For the other three regressions that test the significance of the determinants of the tracking error measured by TEAAD,TESDRD and TESER, the coefficients on TER are statistically indistinguishable from zero. Thus, while fund expenses generate the tracking error measured by
TERD, i.e., reduce the performance of the ETF, they do not generate variability of the return differences of the ETF. The coefficient on SYNT is negative and significant. This also confirms the descriptive statistics. Synthetic ETFs are more efficient in tracking benchmark indices because they generate a lower tracking errors compared to traditional ETFs.
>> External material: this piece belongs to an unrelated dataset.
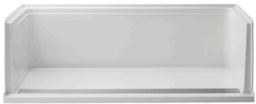
TZ3260 No Seat 60x32x21"
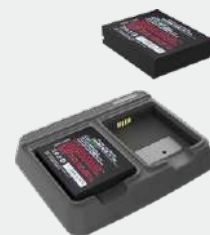
Dual-Slot Battery Charger

The coefficients on OPT and EMERG are positive and significant, that shows ETFs that track the underlying benchmark by holding a subset of the constituent securities and ETFs that track emerging-market indices, generate a higher tracking error. The coefficient on the interaction term SYNT × EMERG is negative and statistically significant as expected. It shows that synthetic ETFs are more efficient when tracking emerging markets benchmark indices compared to the ETFs that follow a traditional replication method. Finally, the coefficients on the dummy variables LU, FR, and ES are significant. Therefore the domicile of the fund is significant in explaining the tracking error.